当前位置:网站首页>Mobileone: the mobile terminal only needs 1ms of high-performance backbone
Mobileone: the mobile terminal only needs 1ms of high-performance backbone
2022-06-29 03:46:00 【AI vision netqi】
Open source address :
GitHub - shoutOutYangJie/MobileOne: An Improved One millisecond Mobile Backbone
1060 On the video card ,224*224,cpu On 10ms,gpu On 3ms.
Test code :
if __name__ == '__main__':
model = make_mobileone_s0().cuda(0)
model.eval()
data = torch.rand(1, 3, 224, 224).cuda(0)
for i in range(10):
start = time.time()
out = model(data)
print('time', time.time() - start, out.size())MobileOne(≈MobileNetV1+RepVGG+ Training Trick) By Apple The company's proposal is based on iPhone12 Optimized ultra lightweight architecture , stay ImageNet The data set is marked with <1ms The speed of 75.9% Of Top1 precision .

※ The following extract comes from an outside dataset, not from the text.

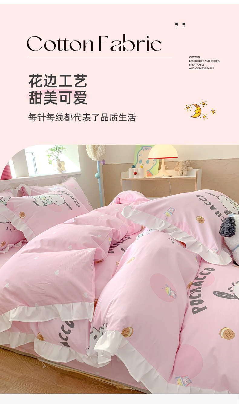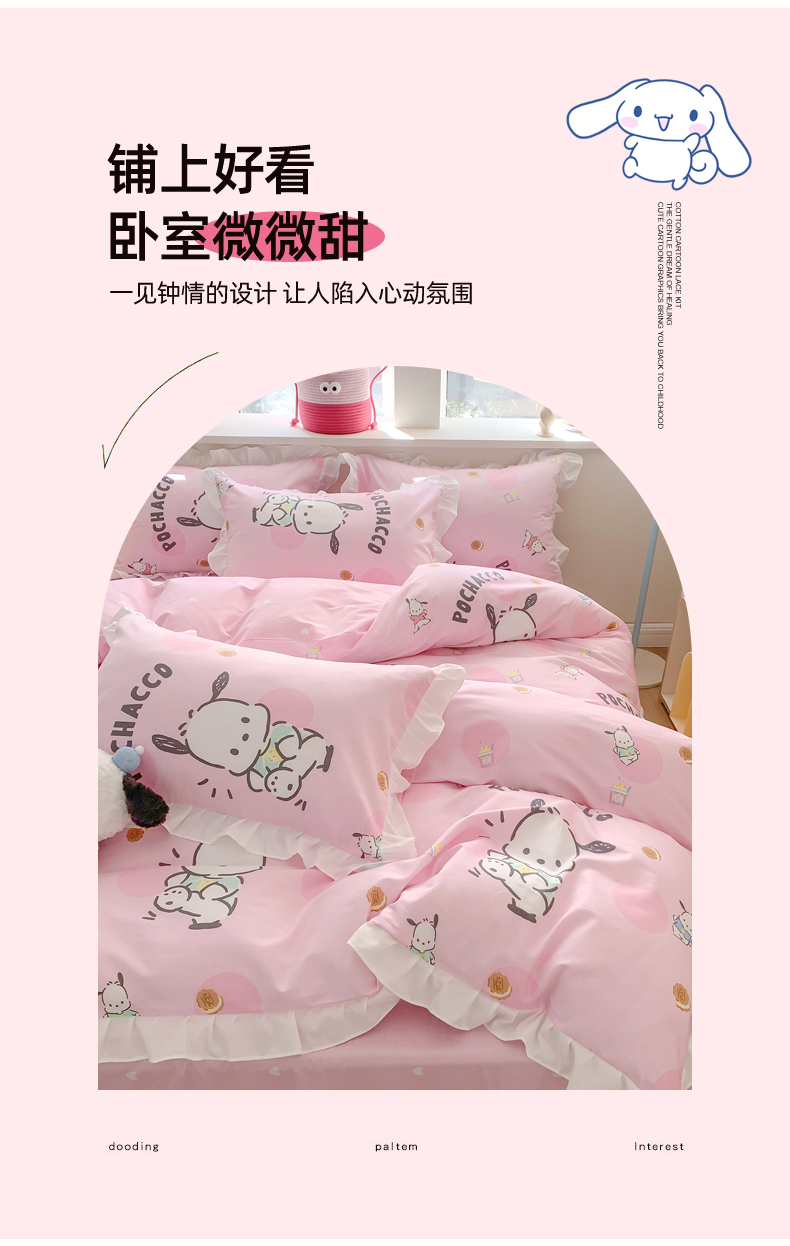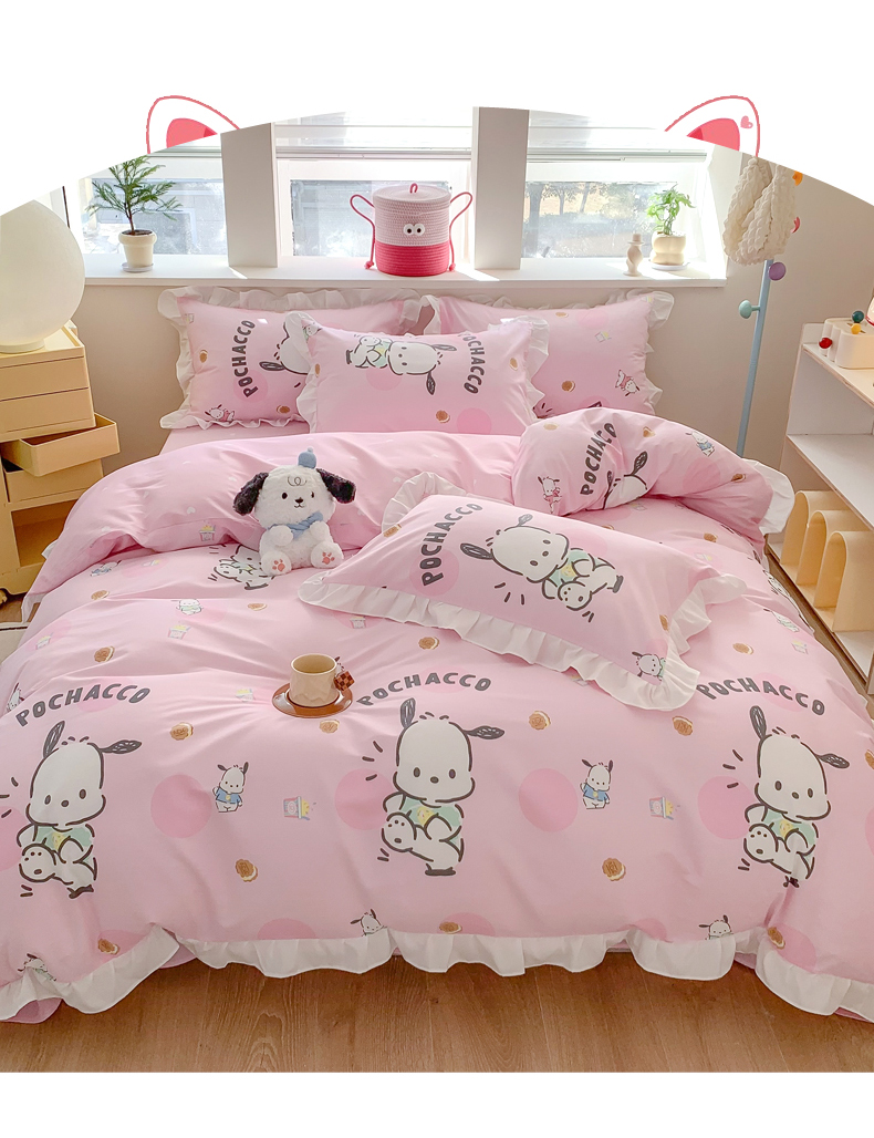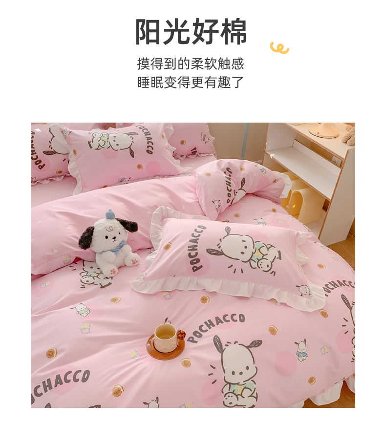 当前位置: 91家纺网 > 商品网购 > 床品套件 > 四件套 > 全棉普通四件套 > (总)玉元坊 2025年5月新品 三丽鸥花边被套全棉床单纯棉床裙床笠三四件套-帕恰狗系列
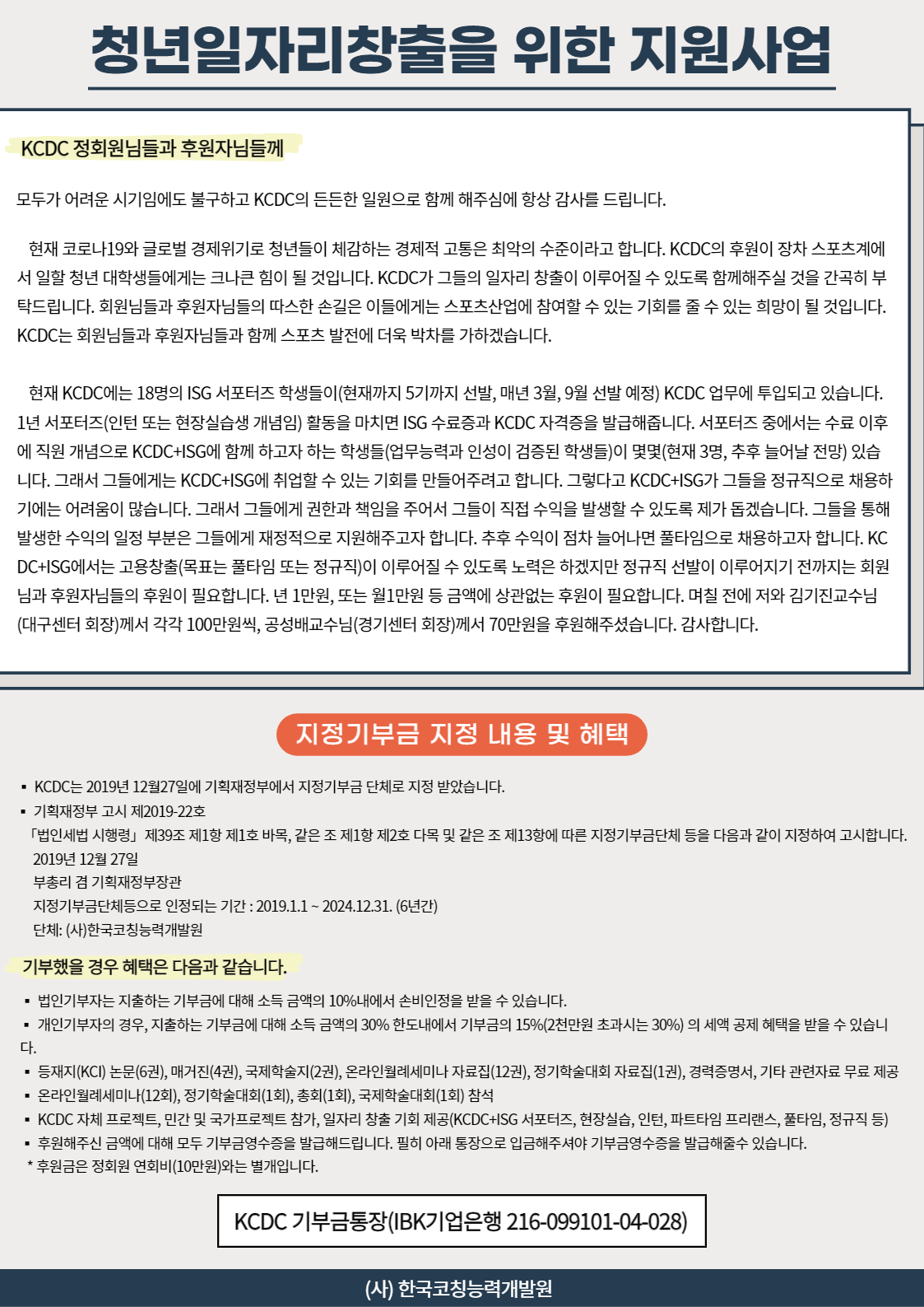 청년일자리창출을 위한 지원사업(기부금) 안내

In order to better analyze the bottleneck of high-efficiency network , The author iPhone12 Platform as the benchmark , From different dimensions " bottleneck " analysis , See above . You can see from it :
A model with a high number of parameters can also have a low latency , such as ShuffleNetV2;
Have high FLOPs Our model can also have low latency , such as MobileNetV1 and ShuffleNetV2;

The above table starts from SRCC The angle is analyzed , You can see :
In mobile terminal , Delay with FLOPs The correlation with parameter quantity is weak ;
stay PC-CPU End , This correlation is further weakened .
The specific plan
Based on these insights , The author starts with two main efficiencies " bottleneck " Compared dimensionally , Then the performance " bottleneck " The corresponding scheme is put forward .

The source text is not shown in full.